• [What to do]
All lines from the one bearing "Zábavná experimentální sada" through the end of the data below must be printed exactly as they stand, with pictures removed.

• [Data]
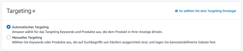 • Automatische Kampagnen: Hier übernimmt Amazon das Targeting für dich, basierend auf relevanten Suchanfragen und ähnlichen Produkten. Diese Art von Kampagne ist ideal, um neue Keywords zu entdecken, auf die du während deiner Keyword-Recherche vielleicht noch nicht gekommen bist. Wenn du beispielsweise Sportbekleidung verkaufst, könnte Amazon automatisch Keywords wie „Fitnessbekleidung“ oder „Trainingskleidung“ hinzufügen. Automatische Kampagnen sind besonders nützlich, um zu identifizieren, welche Suchbegriffe für deine Produkte am besten funktionieren und wo du dein Werbebudget gezielt einsetzen solltest. Sie helfen dir, wertvolle Erkenntnisse über deine Zielgruppe zu gewinnen, die dir später bei der Verfeinerung deiner Marketingstrategie zugutekommen können.
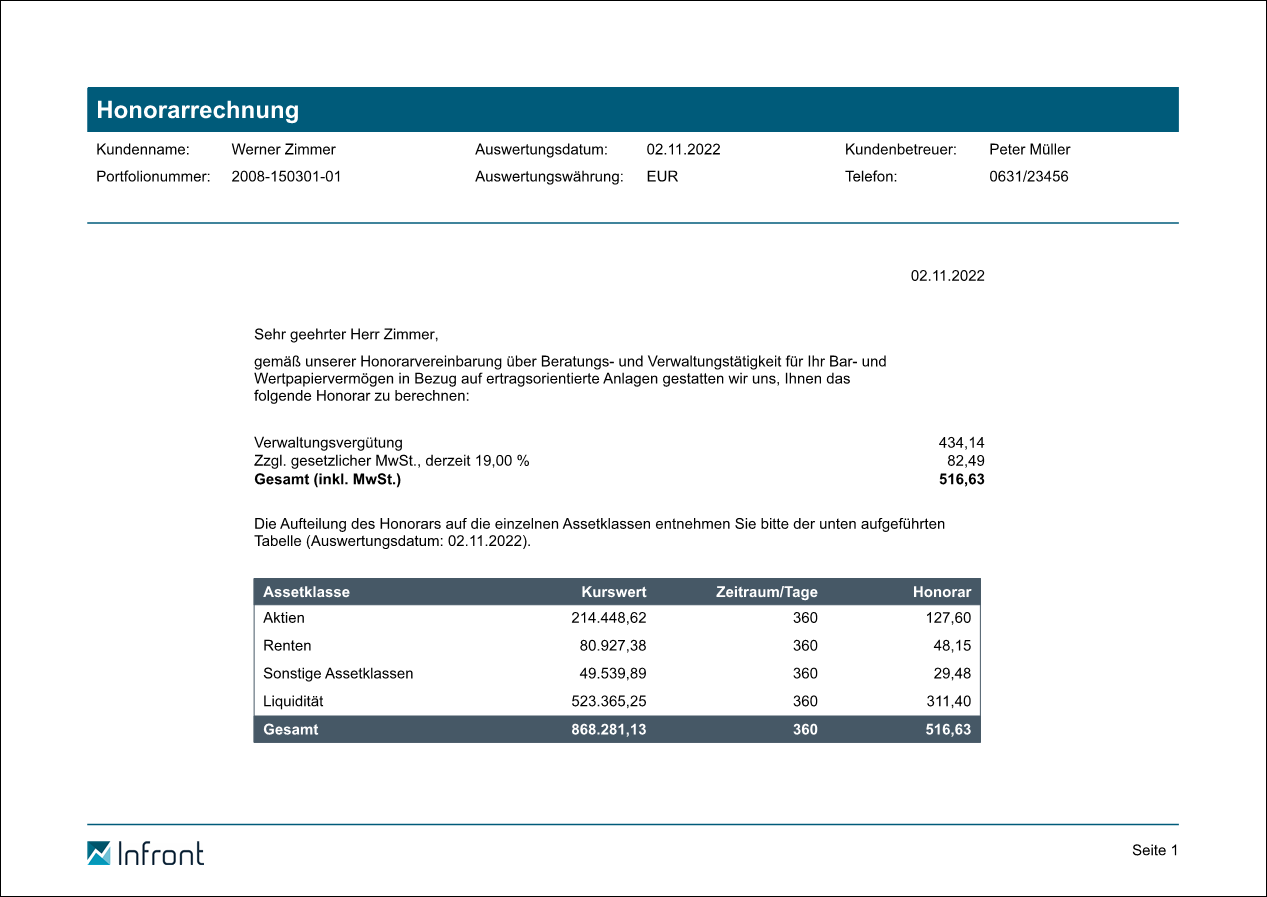 Nutzen Sie den "Report Honorarrechnung" als Muster für Kundenrechnungen. In der Tabelle ist die Aufteilung des Honorars auf die verschiedenen Assetklassen dargestellt.
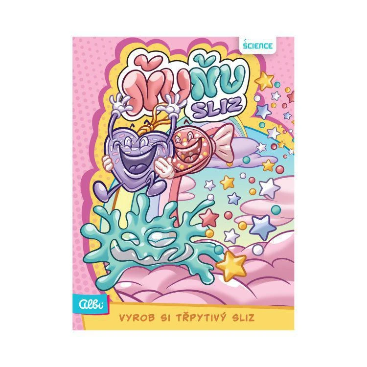 Zábavná experimentální sada z edice Albi Science, se kterou si děti od 6 let vytvoří vlastní sliz kombinací čirého slizu, barevné plastelíny, třpytek, flitrů a kuliček. Sada obsahuje: čirý sliz (60 g) - 3 sáčky, růžovou plastelínu tvrdnoucí na vzduchu (5 g) – 1 sáček, žlutou plastelínu tvrdnoucí na vzduchu (5 g) – 1 sáček, modrou plastelínu tvrdnoucí na vzduchu (5 g) – 1 sáček, přívěsek pro uchování plastelíny – 2 ks, pěnové kuličky (0,5 g) – 1 sáček, hvězdičky (1 g) – 1 sáček, třpytky (1 g) – 1 lahvičku, plastovou karabinu na přívěsek, železné očko na přívěsek – 1 ks a návod.
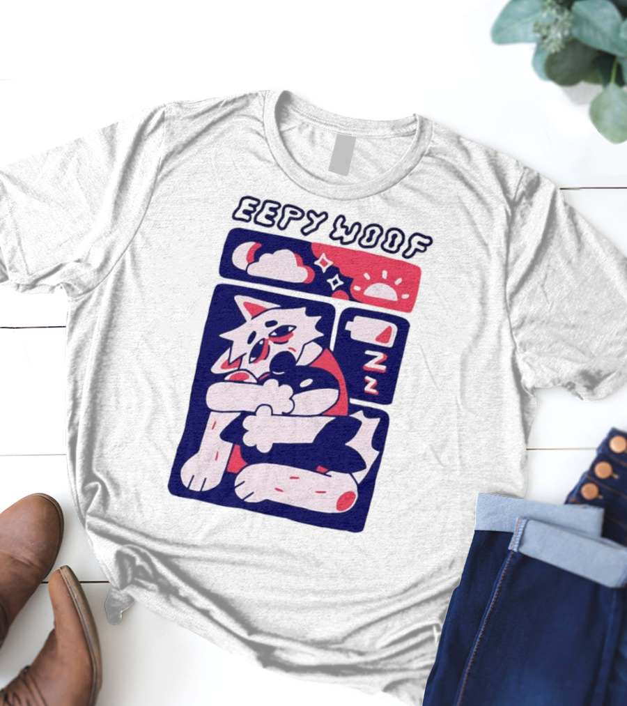 EEP Woof Zz Cloud Sun Shirt made from 100% pre-shrunk ring-spun cotton, unisex regular fit based on U.S. standard sizing. The shirt is designed, cut, sewn, and printed in the United States. Available in sizes S-5XL.

• [Task result]
 Zábavná experimentální sada z edice Albi Science, se kterou si děti od 6 let vytvoří vlastní sliz kombinací čirého slizu, barevné plastelíny, třpytek, flitrů a kuliček. Sada obsahuje: čirý sliz (60 g) - 3 sáčky, růžovou plastelínu tvrdnoucí na vzduchu (5 g) – 1 sáček, žlutou plastelínu tvrdnoucí na vzduchu (5 g) – 1 sáček, modrou plastelínu tvrdnoucí na vzduchu (5 g) – 1 sáček, přívěsek pro uchování plastelíny – 2 ks, pěnové kuličky (0,5 g) – 1 sáček, hvězdičky (1 g) – 1 sáček, třpytky (1 g) – 1 lahvičku, plastovou karabinu na přívěsek, železné očko na přívěsek – 1 ks a návod.
 EEP Woof Zz Cloud Sun Shirt made from 100% pre-shrunk ring-spun cotton, unisex regular fit based on U.S. standard sizing. The shirt is designed, cut, sewn, and printed in the United States. Available in sizes S-5XL.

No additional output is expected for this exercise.